I honestly hadn't thought it go this far. I thought that by now that they would've been switched back. But no. The hunt to 'save' Bakugou was still on.

I'm confused, to say the least. Why did his friends care so much about him? He was a rude, selfish asshole.

No one had loved me, like they loved Bakugou. Not until recently. So why?

I had been there for others, while Bakugou only cared for himself. I was a HERO, Bakugou was a villain!

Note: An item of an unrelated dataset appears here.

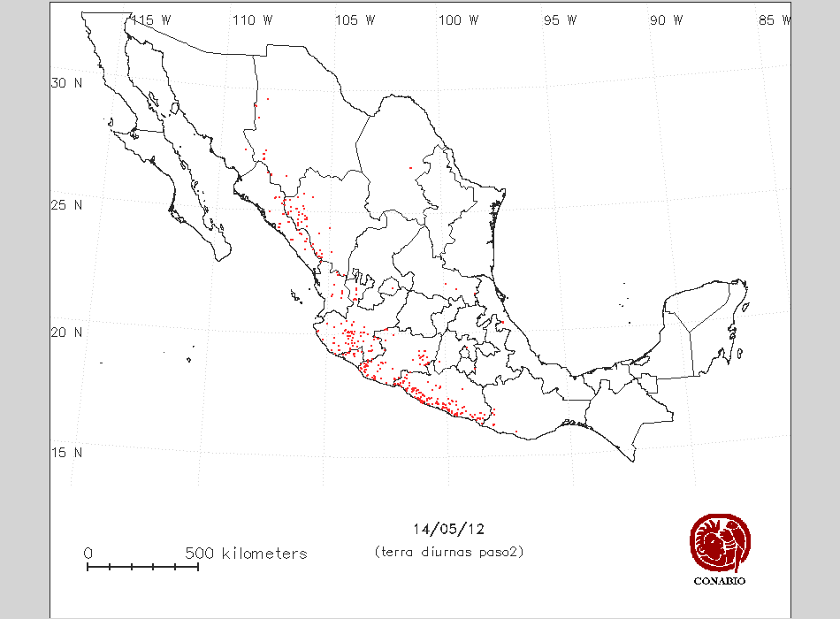| X | 62 | -105 24 10 | 23 21 6 | Bosque de pino | Pueblo Nuevo,Durango | NO AFECTA | 37 ° | Bajo | |
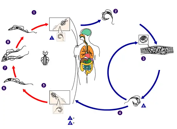 - ↑ «DPDx – Trypanosomiasis, American. Fact Sheet» (em inglês). Centers for Disease Control (CDC). Consultado em 6 de julho de 2014

Even then, everyone should be happy that they switched places! This new Bakugou is so sweet, and kind, and caring, a hero. The other Bakugou was a bully! A villain by heart, and once a villain, always a villain.

If my suspicions are correct, which they are, I know. Bakugou should be exactly where he belongs. In a world of villains.

The people here should be celebrating, not searching.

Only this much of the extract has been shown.